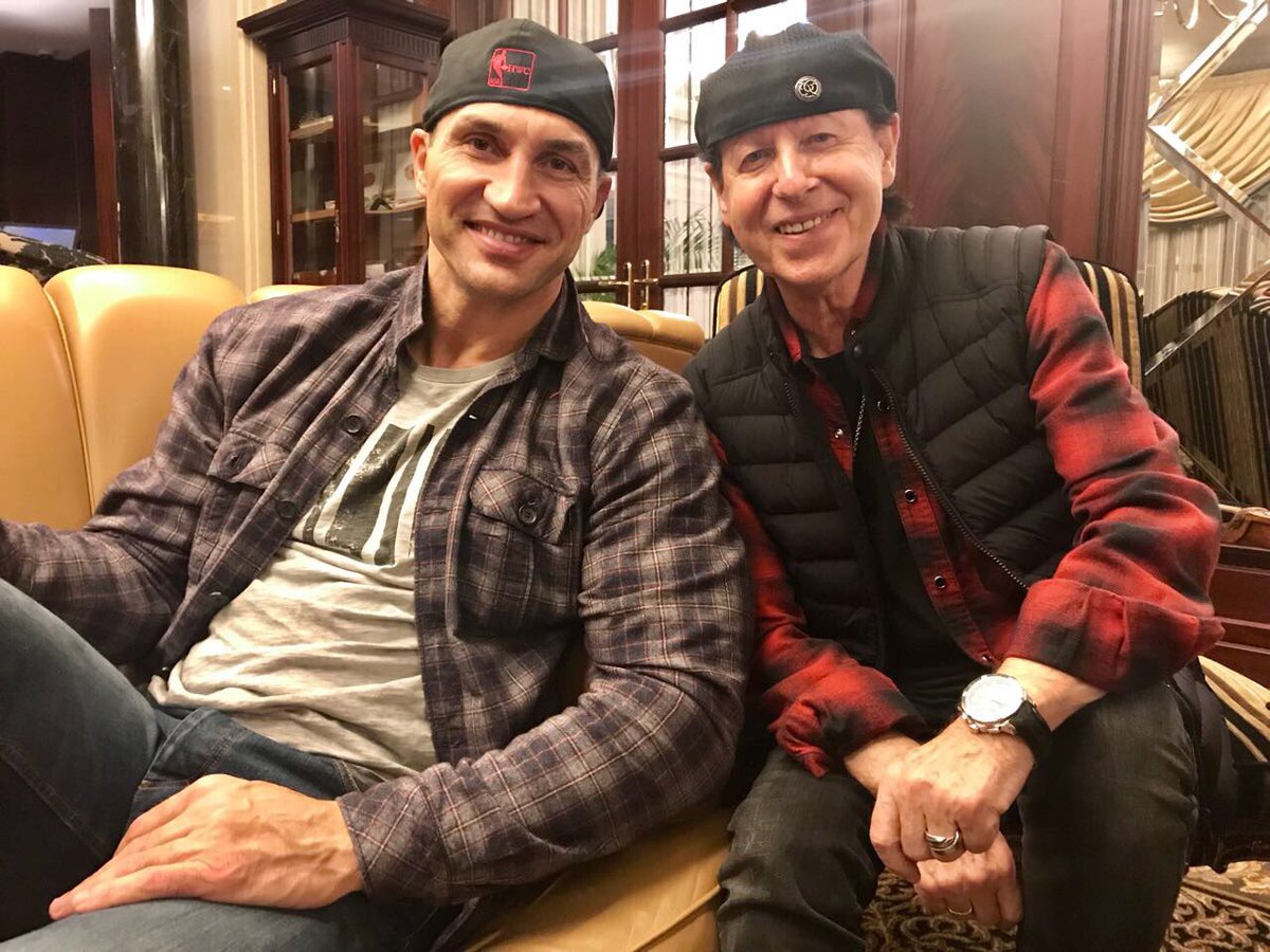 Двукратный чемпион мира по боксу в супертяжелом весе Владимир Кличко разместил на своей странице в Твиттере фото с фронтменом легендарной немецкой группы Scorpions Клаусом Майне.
--
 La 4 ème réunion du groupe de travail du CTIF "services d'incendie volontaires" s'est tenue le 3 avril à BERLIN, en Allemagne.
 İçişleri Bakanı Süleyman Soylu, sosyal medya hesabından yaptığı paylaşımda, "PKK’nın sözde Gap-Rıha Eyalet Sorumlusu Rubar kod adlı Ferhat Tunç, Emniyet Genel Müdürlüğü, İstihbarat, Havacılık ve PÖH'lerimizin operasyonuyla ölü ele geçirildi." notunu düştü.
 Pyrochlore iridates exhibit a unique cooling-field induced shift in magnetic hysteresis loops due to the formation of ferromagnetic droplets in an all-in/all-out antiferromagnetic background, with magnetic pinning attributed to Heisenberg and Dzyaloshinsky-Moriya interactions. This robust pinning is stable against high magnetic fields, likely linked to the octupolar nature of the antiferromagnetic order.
--
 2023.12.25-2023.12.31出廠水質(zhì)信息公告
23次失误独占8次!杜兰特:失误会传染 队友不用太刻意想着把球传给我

• Directions: Above are the records; print exactly the lines from the line with "İçişleri Bakanı Süleyman" to the line with "Pyrochlore iridates exhibit", including both, and nothing else.

• Task solution:
 İçişleri Bakanı Süleyman Soylu, sosyal medya hesabından yaptığı paylaşımda, "PKK’nın sözde Gap-Rıha Eyalet Sorumlusu Rubar kod adlı Ferhat Tunç, Emniyet Genel Müdürlüğü, İstihbarat, Havacılık ve PÖH'lerimizin operasyonuyla ölü ele geçirildi." notunu düştü.
 Pyrochlore iridates exhibit a unique cooling-field induced shift in magnetic hysteresis loops due to the formation of ferromagnetic droplets in an all-in/all-out antiferromagnetic background, with magnetic pinning attributed to Heisenberg and Dzyaloshinsky-Moriya interactions. This robust pinning is stable against high magnetic fields, likely linked to the octupolar nature of the antiferromagnetic order.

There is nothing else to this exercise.